This would be an awfully tough antitrust case.
Here's the problem: According to the U.S. Supreme Court, NCAA football is "an industry in which horizontal restraints on competition are essential if the product is to be available at all." -NCAA v. Board of Regents, 468 U.S. 85, at 101 (1979).
UConn would have to do a lot more than point to the existence of various horizontal restraints that cause harm as to UConn. Behavior that would, in other industries, be condemned as per se illegal is subject to the rule of reason in the sports context. Shouting "collusion" or "group boycott" is not going to get you anywhere. Every conference is, by definition, a group boycott of other teams. And members of every conference must meet and agree on schedules and rules that all will follow.

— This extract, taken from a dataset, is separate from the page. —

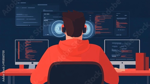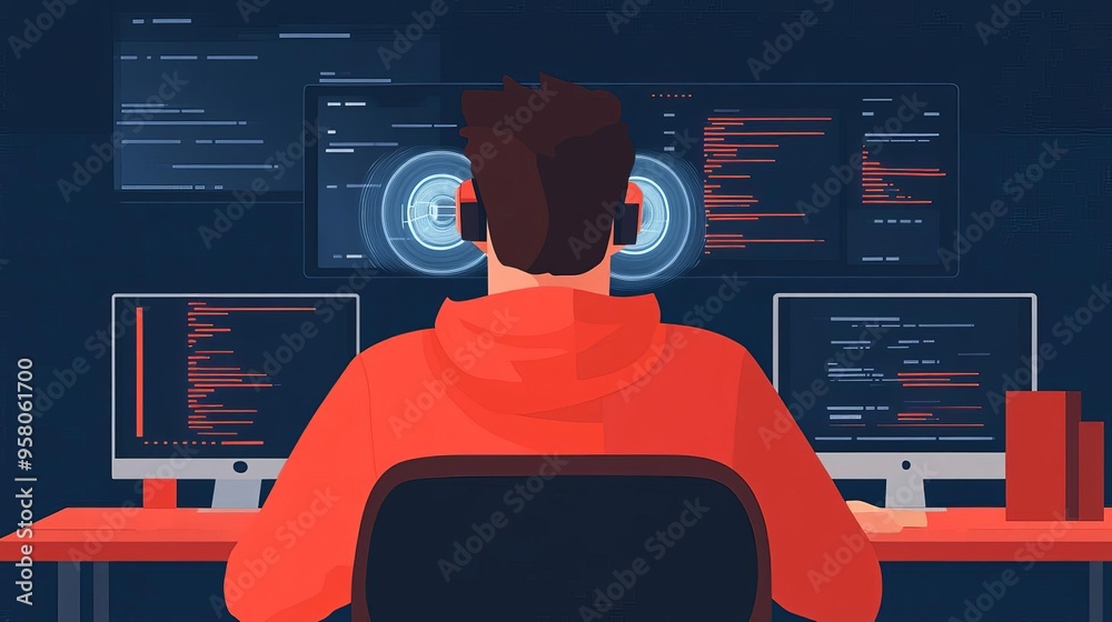 The watermark will not be included on Wall mural.: Programmer debugging with holograms, virtual performance screens, modern tech setup

To successfully challenge the P5, UConn or another plaintiff would have to demonstrate that a particular restraint or group of restraints is unreasonable -- which would mean demonstrating that they have the effect of (or the clear purpose of) restricting the supply of top tier college football contests. (This would involve defining "top tier" P5 football as a separate product market from G5 football, which while possible would nonetheless be an uphill battle.)
Technically, a plaintiff could succeed just by demonstrating that the effect of the P5 agreements is to restrict the supply of "top tier" football -- but that would involve forecasting the future, which a court would be reluctant to do in such a complex industry. Thus, as a practical matter, a suit is unlikely to be successful without clear evidence of anticompetitive intent (e.g. "starving" non P5 schools of money needed to compete at a "top tier" level.) I would not be at all surprised if this is, in fact, the motivating force behind much of what the P5 is doing -- but finding sufficient evidence to demonstrate that it was a conscious plan or scheme (and not just something one particular AD wrote in an internal email) would be extremely difficult.